Strategic Importance
   In February, the Russian Ministry of Economic Development and Trade listed ALROSA among the 199 businesses defined as “strategic” for the nation’s economy. The list includes oil, gas, construction, telecom and other leading corporations that together account for over 70 percent of the country’s gross domestic product (GDP) and 20 percent of all jobs.

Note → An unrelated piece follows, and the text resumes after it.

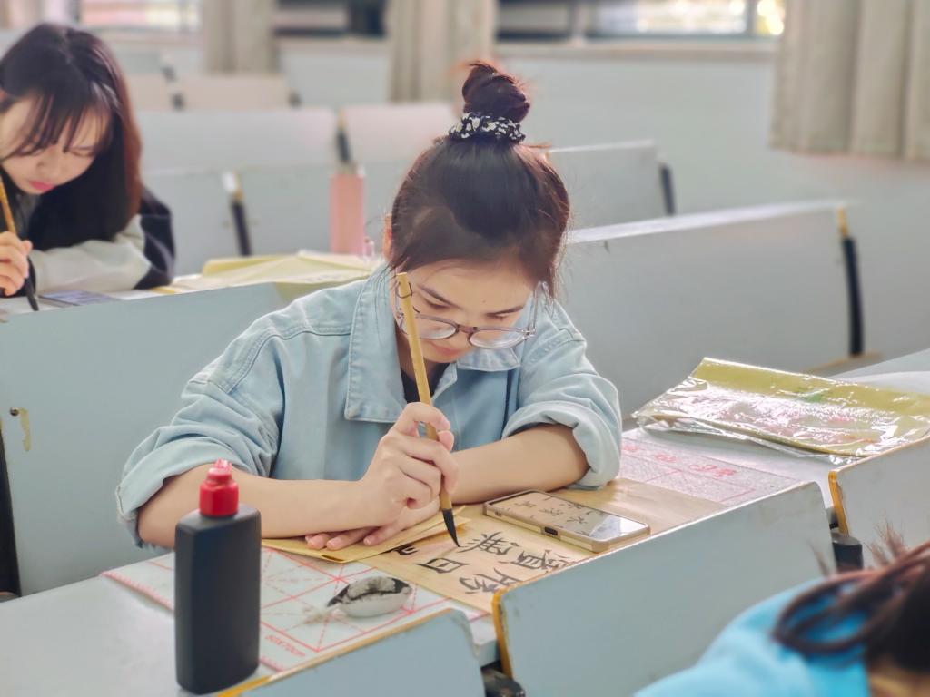 平铺一张纸,提笔行流云。毛笔组的选手们细细品味着汉字的艺术魅力,尽其所能地展现自身的书法才能,挥毫泼墨间,一幅幅或端正俊丽或遒劲有力的毛笔字书法作品呈现在眼前。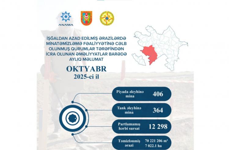 Azad olunan ərazilərdə oktyabr ayında 364 tank əleyhinə mina, 406 piyada əleyhinə mina, 12 298 partlamamış hərbi sursa aşkarlanıb və zərərsizləşdirilib. ANAMA azad edilmiş ərazilərdə həyata keçirilən humanitar minatəmizləmə əməliyyatları ilə bağlı aylıq məlumatı yayıb.

   The government said it compiled the list in order to “mitigate adverse effects that may be caused by possible crisis developments.” All companies on the list are entitled to governmental support in case of crisis.

St. Petersburg Show
   The annual JUNWEX Jewelry Show, held in St. Petersburg, opened in its new location at ExpoForum International, the largest exhibition center in Northwest Russia. The new premises provide the show with an extra 160,000 square feet of space and a modern infrastructure. “The show definitely benefited from this move. It has lots of space and accommodates comfortably both sellers and buyers,” said Gagik Gevorkyan, chairman of the Russian Jewelers Guild. “This location brings JUNWEX to a new level where it can grow to be on par with the world’s best shows in Basel, Hong Kong and Las Vegas.”

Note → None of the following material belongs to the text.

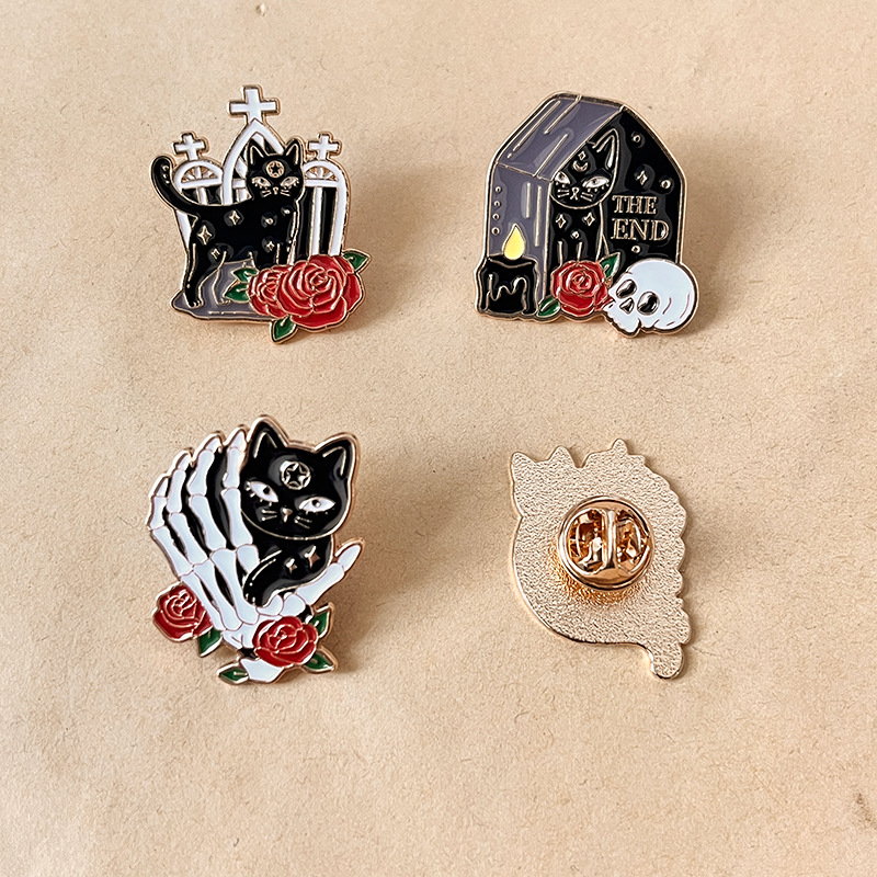 This gothic black cat pin set has 4 dark-chic designs (cat + cemetery/coffin/skeleton) paired with red roses—moody, occult charm. For goth lovers, it adds edgy flair to bags/jackets, ideal for alternative styling or infusing outfits with spooky, stylish dark personality.

   The show participants noted an unusually large number of retail customers at the event this year — estimated at more than 25,000 — who, some said, “attacked” the goods on offer, taking advantage of the opportunity to invest in gems and jewelry before prices rise further. Since December 2014, Russian jewelers have raised their prices by 30 percent on average in response to the serious devaluation of the ruble.
   As for future prospects, there is considerable uncertainty. Svetlana Maksimova, director of Casting House, a company specializing in jewelry featuring Yakut diamonds, explained that “it has to be taken into account that the goods at the show were manufactured mostly prior to the currency crisis, and therefore the prices could be kept at competitive levels. All new purchases of gems, which are mainly imported, will be much more expensive, and will force companies to raise the prices further.” Maksimova added that Yakutia-based companies have the advantage of their own stocks of locally mined diamonds. “As long as we have our stocks,” she said, “sales will be fine.”

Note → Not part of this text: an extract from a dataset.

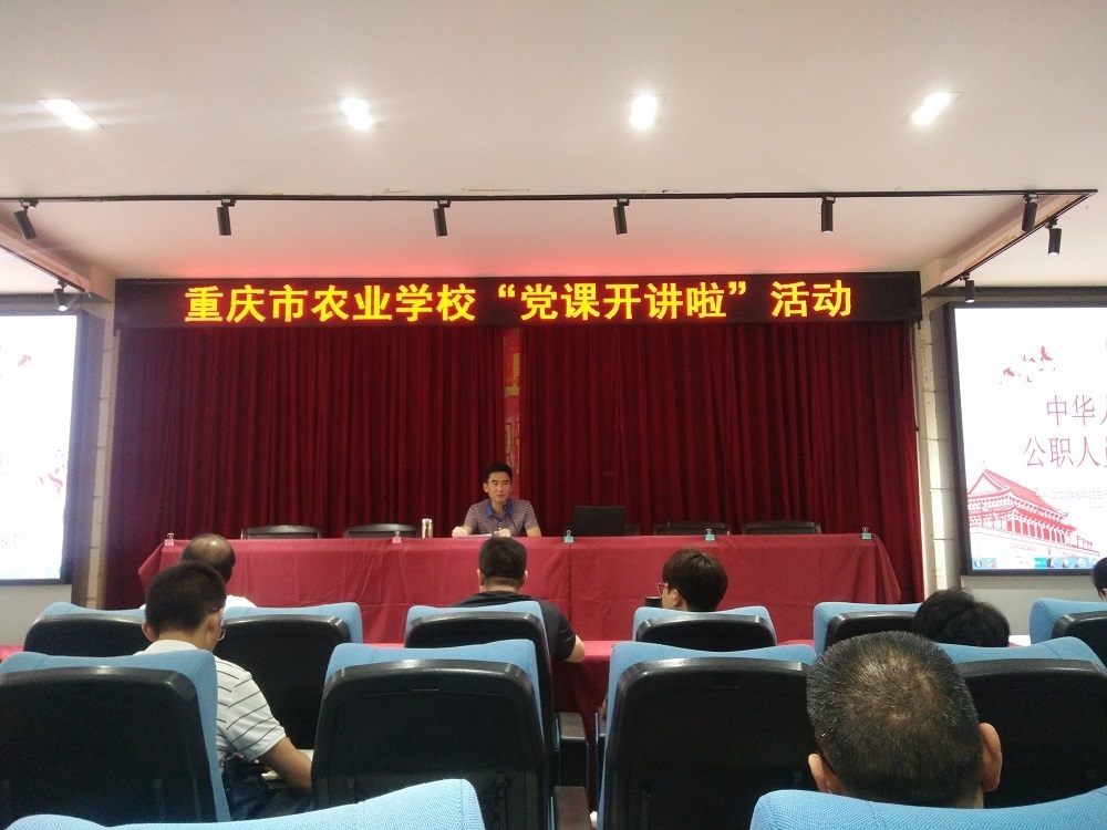 为庆祝建党99周年,进一步促进教职员工学法守法、依法用权、认真履职,营造风清气正的良好工作氛围,6月28日下午,重庆市农业学校副校长、纪委书记邹世平同志在德政厅为招生就业部、政工人事部、农业机械系、第二支部全体党员同志上了一堂学习“中华人民共和国公职人员政务处分法”的专题党课,拉开了我校“党课开讲啦”的序幕。

   A representative of St. Petersburg’s jewelry manufacturer Kast, which won the show’s first prize for the best piece with diamonds, noted that many customers asked specifically for jewelry with .30-carat and .40-carat diamonds because the .50-carat stones were now “too expensive.” Gems and melee smaller than .30 carat and .40 carat were not popular, the representative said, as “they do not fit the desirable image of a diamond as a centerpiece and an eye-catcher.”

New Money-Laundering Law
   As part of the governmental anticorruption campaign, the Russian Parliament recently passed in its first hearing a bill that puts a cap on the jewelry purchases that can be made without mandatory proof of identity. Designed as a deterrent to money laundering, the bill sets the threshold at $230 for cash purchases and approximately $1,500 for bank card buys.
   Flun Gumerov, president of the jewelry-making company Almaz-Holding and member of the Russian Chamber of Commerce and Industry’s Committee on Precious Stones and Metals, said that at a time when the domestic currency is under great pressure and jewelry remains an accessible investment opportunity for citizens, this new measure is a hurdle that is potentially “detrimental for the industry.”